The flightless rail can be found on Aldabra to this day.

The extremely rare process is known as the iterative evolution – the repeated evolution of a species of the same ancestor at different times in history.

The team's study, published in the Zoological Journal of the Linnean Society, marks the first time that the process has been observed on track and is one of the "most significant" cases ever observed in birds, according to the authors.
The fossil recordings before and after the Aldabra flood proved the evolutionary feat of the bird.

"We do not know of any other example in rails, or birds in general, that demonstrates this phenomenon so obviously," said co-author David Martill, of the University of Portsmouth, in a statement. communicated.

The return of the rail to Aldabra is not the only time in his lineage that he has escaped extinction.

The mother species of the rail, native to Madagascar, frequently saw its population explode, forcing the birds to migrate in large numbers off the coast of East Africa.

Many who flew north or south drowned in the Indian Ocean, and those who went to the west landed in Africa, where they were eaten by predators.

But the lucky few who went to the east ended up on islands like Mauritius, Reunion and Aldabra, the latter having been studied by researchers.

The rails on Aldabra lost the ability to fly over time, because the lack of predators made it useless – just like Maurice's dodo.

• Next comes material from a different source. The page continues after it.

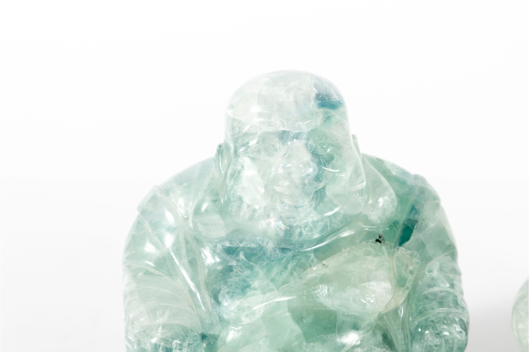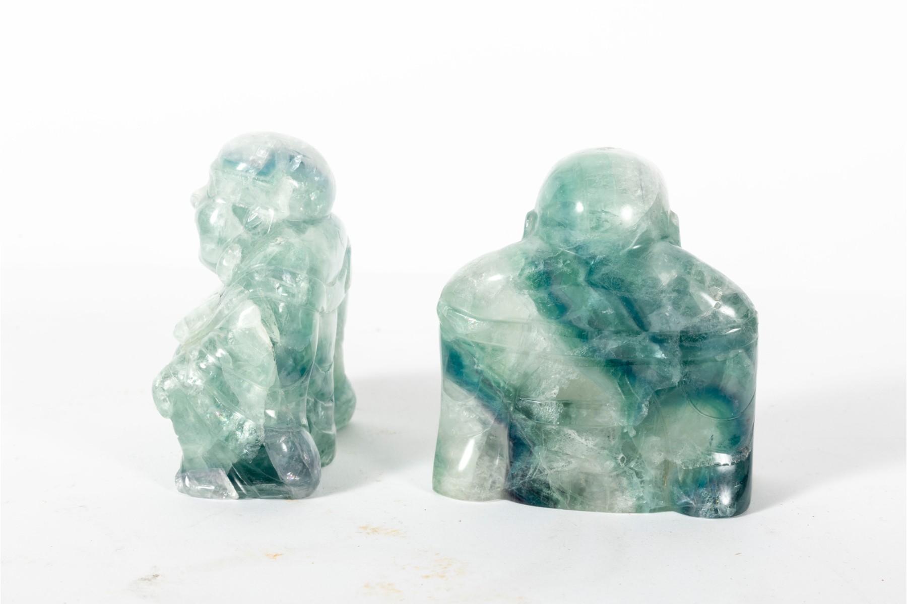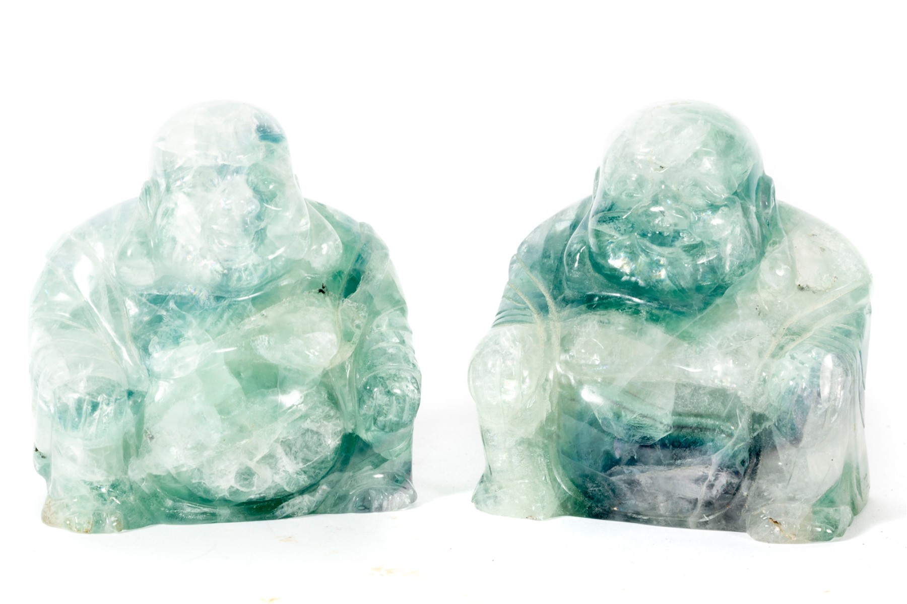 A pair of marvelous miniature 3" Budai (Or Hotei) carvings crafted from green/transparent banded Flourite stone. Hotei is one of the Seven Lucky Gods always depicted as smiling or laughing, earning him the nickname, "Laughing Buddha".
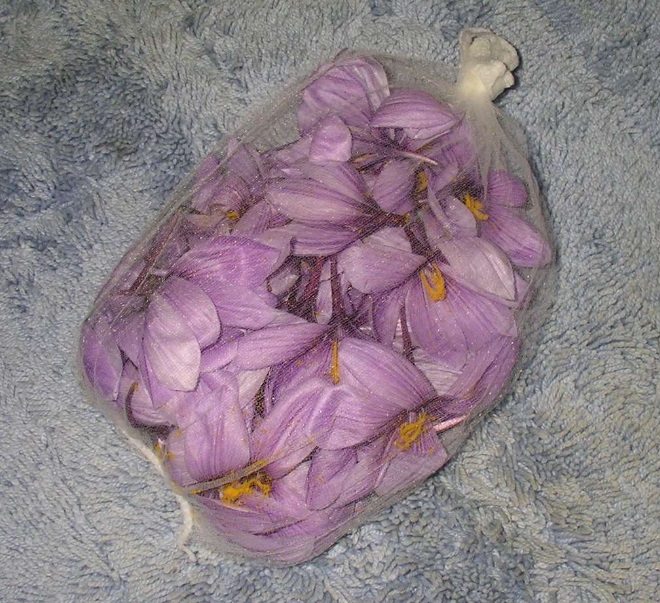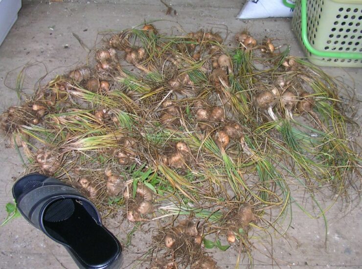 翌年、同じように夏前に球根を堀上げ、室内で保管して雌しべを採る方が綺麗なものが採れますが、面倒なら畑に置いたままで収穫しても問題ありません。

What you did not know about dodo

Unfortunately, it did not give them any escape when the island was submerged and all its flora and fauna were exterminated.

But unlike the dodo, which died in the 17th century, the white-necked rail was resurrected to tell the story once the island resurfaced and the birds began to migrate back to their destination.

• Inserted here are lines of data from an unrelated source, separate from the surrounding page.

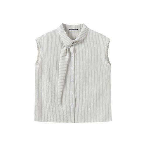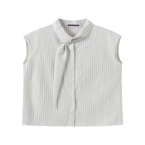 [미니멈 에브리데이]스트라이프 타이 포인트 민소매 블라우스 (EC2BA019D)
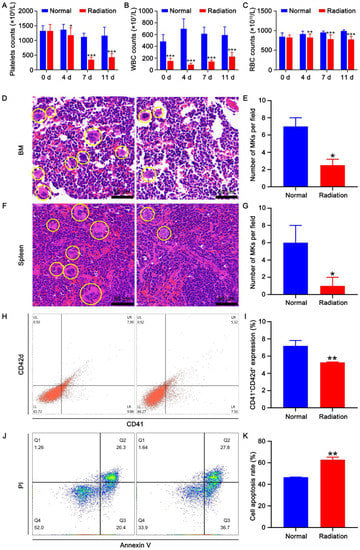 Effect of irradiation on hematopoiesis. Peripheral platelet (A), WBC (B), and RBC (C) counts in mice at different time points after irradiation. Thirty-two mice divided into two groups (eight males and eight females in each group) were used. Data represent the mean ± SD of three independent experiments. * p < 0.05, ** p < 0.01, *** p < 0.001 vs. the normal group. H&E staining of BM (D) and spleen (F) in normal and irradiated mice. The histograms represent the number of megakaryocytes in the BM (E) and spleen (G) of normal and irradiated mice. Data represent the mean ± SD of three independent experiments. * p < 0.05 vs. the normal group. (H) Flow cytometry analysis of the expression of CD41 and CD42d in the BM cells of normal and irradiated mice. (I) The histogram illustrating the proportion of CD41 + CD42d + cells in each group. Data represent the mean ± SD of three independent experiments. ** p < 0.01 vs. the normal group. (J) Apoptosis analysis of the BM cells of normal and irradiated mice. (K) The histogram depicting the apoptosis rate of BM cells in each group. Data represent the mean ± SD of three independent experiments. ** p < 0.01 vs. the normal group.
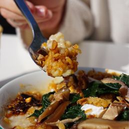 Amazing vibe! Solid food! I recommend the Mediterranean plate (it has eggs, fried pita, hummus, greens, and pickled onion). They also make a solid cup of coffee. I liked this place so much because it seems like they cater both to sit-down guests who want a cute meal, and coffee shop goers who just want to sit and work on their laptops. SUPER QUICK SERVICE too! It was impressive.
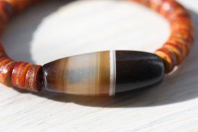 Striped agates like these are actually the original beads, before the traditional "eye" Dzi beads, that Tibetans collected. This is why striped agates are sometimes referred to as the "Mother of Dzi". Tibetan Buddhists believe that agate helps stabilize the aura and eliminate negative energies. Every bead has its own beautiful details just like a beloved Dzi. It also carries rich spiritual significance, making this not just an accessory, but also a tool for mindfulness and peace.
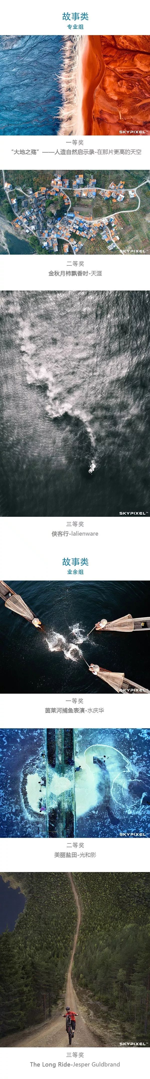 本次大赛新增的“故事”类别也涌现了很多精彩作品。作者展现了堆积如山的共享单车、莱茵河捕鱼表演、香格里拉秘境、安昌水乡古镇的年货街,这些作品从不同角度展现了摄影师们精心讲述的故事。同时,我们也看到了航拍影像更大的可能性——空中视角不仅是瞬间美景,还可以传递和创作出更多令人难忘的故事。中国摄影师拍摄的一组极具张力照片《大地之殇——人造自然启示录》获得了专业组一等奖。
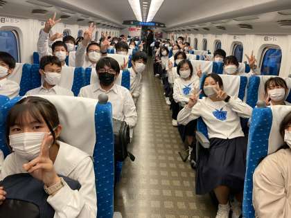 平和学習を終え、大阪に向かって新幹線に乗車しました。大阪では、お好み焼きの夕食が待ってます。
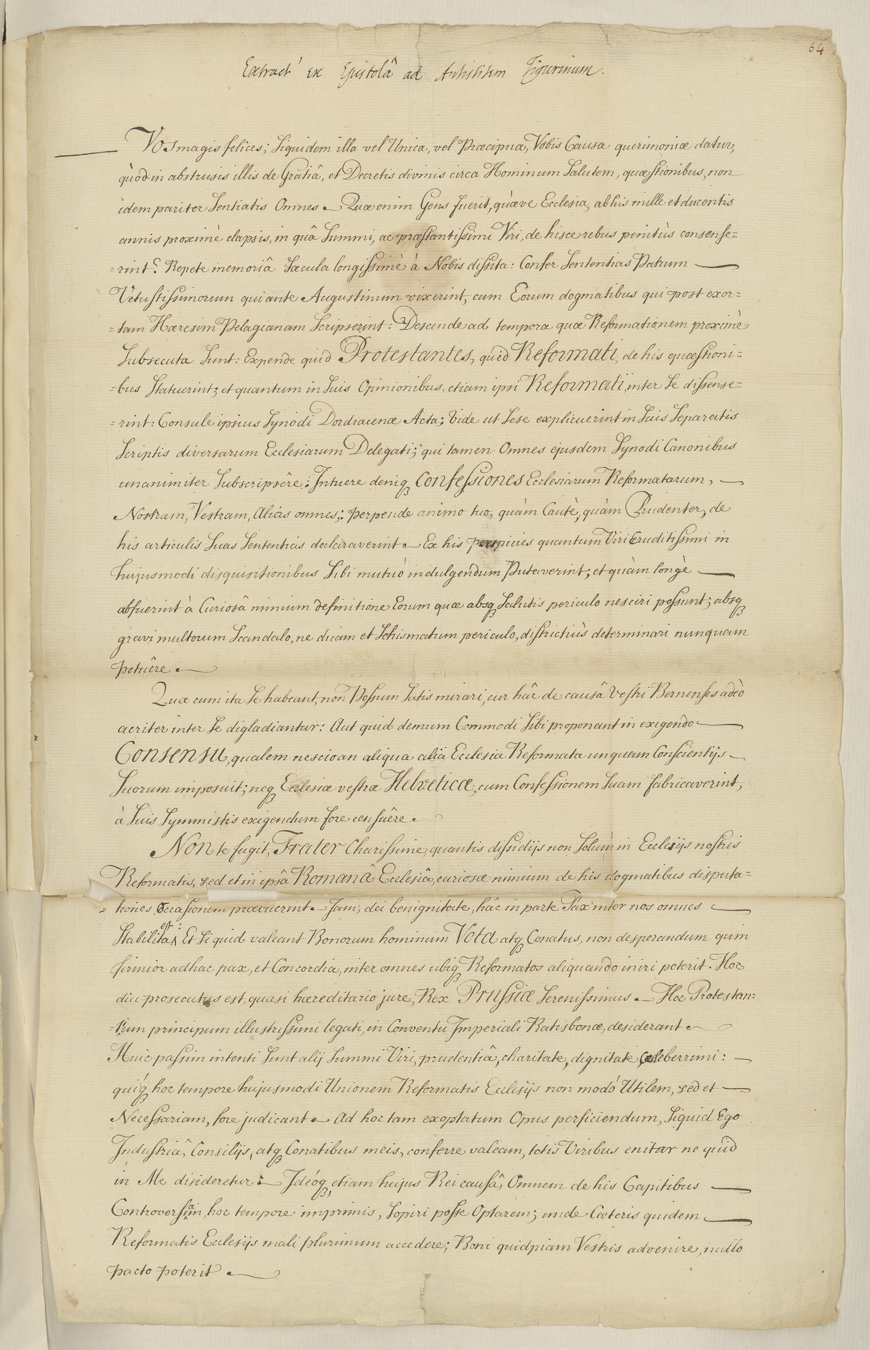- Wake envoie à JA la réponse qu'il a faite à une lettre qu'il a reçue de Zurich et qui était signée par les pasteurs et professeurs de cet État-là; il lui envoie aussi la partie d'une autre lettre qu'il a adressée à l'antistès de la même ville [Johann Ludwig Nüscheler] pour les ministres des autres Églises en Suisse. Dans la réponse à l'antistès, Wake a pu aborder naturellement la question du <I>Consensus </I>puisque son interlocuteur y avait fait référence dans sa lettre. C'était en revanche plus difficile de justifier son intervention dans l'autre réponse puisque ceux qui lui ont envoyé la lettre ne lui ont pas offert d'opportunité de traiter de ce sujet. Il compte sur la prudence et l'amitié de JA pour que la longue lettre qu'il lui a envoyée sur le même sujet ne lui porte pas préjudice auprès des frères à Genève comme en Suisse. L'antistès a permis à Hofmeister de citer dans son discours et même d'imprimer certains passages d'une des lettres que Wake lui avait envoyées, ce qui a causé pas mal de problèmes puisqu'il faisait état de la situation de l'Église d'Angleterre; son récit était digne de foi mais assez mélancolique et, surtout, il évoquait plusieurs personnes, entre autres du clergé, qui occupent un rang important. C'était très imprudent, pour ne pas dire plus; c'est en effet suspect dans la mesure où cela vient de l'un des plus chauds partisans du <I>Consensus</I>. Wake recommande à JA les deux jeunes voyageurs, en chemin de Paris à Genève: l'un est le fils [Paul (?)] de leur ami commun [Daniel Ernst] Jablonski, l'autre est [Emericus Pariz (?)] Papay, un délégué des frères de Transylvanie venu faire une collecte pour le collège d'Enjedin (?). Les réticences de Wake à l'égard de l'usage qu'on a fait de sa lettre à l'antistès ne concernent guère JA puisque dans la lettre qu'il a envoyée à ce dernier il n'y a rien qui touche des personnes vivantes.

This means that a species of Madagascar bird gave birth to two distinct species of rails on Aldabra within a few thousand years.

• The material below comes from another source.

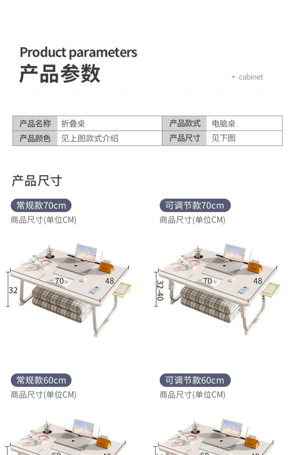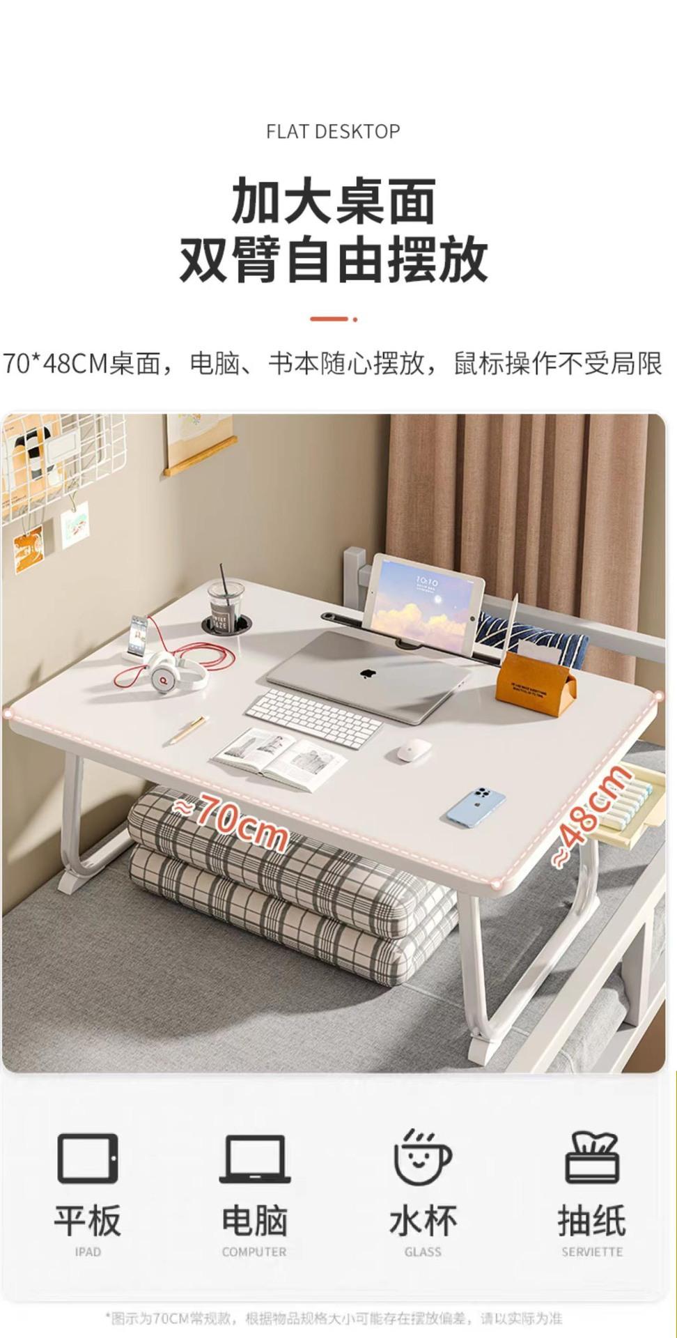 Escritorio de Cama de Tamaño Grande con Altura Ajustable Mesa para Laptop Dormitorio Estudiantil Especial Mesa Plegable Perezosa
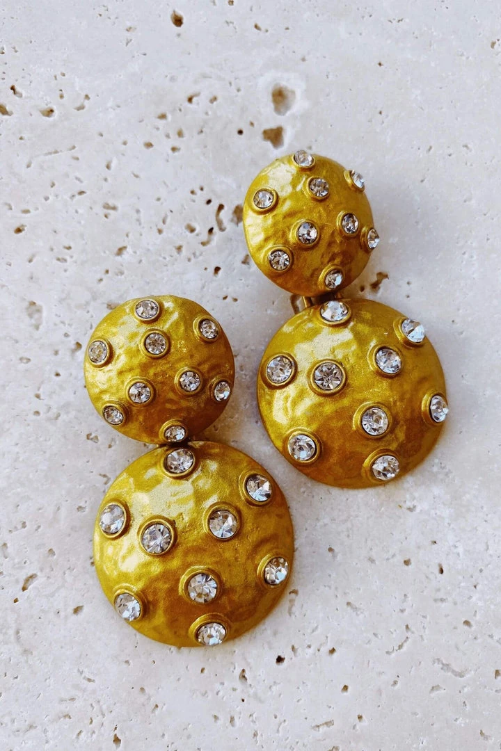The perfect twist on modern simplicity, the Qiana gold circle crystal earrings add a touch of class and detail to your gown. Made from stylish gold hardware, these earrings will complete almost any gown perfectly.

"Only Aldabra, which has the oldest paleontological record of all oceanic islands in the Indian Ocean region, has fossil evidence demonstrating the effects of sea level change on extinction phenomena. and recolonization, "said Martill.

"The conditions were such in Aldabra, the most important being the absence of terrestrial predators and mammals competing, which allowed a rail to be able to evolve autonomously with each flight," he explained. .

"These unique fossils provide irrefutable evidence that a member of the railroad family colonized the atoll, probably from Madagascar, and each day lost its flight independently," added in a release the senior author of the study, Julian Hume from the Natural History Museum of London.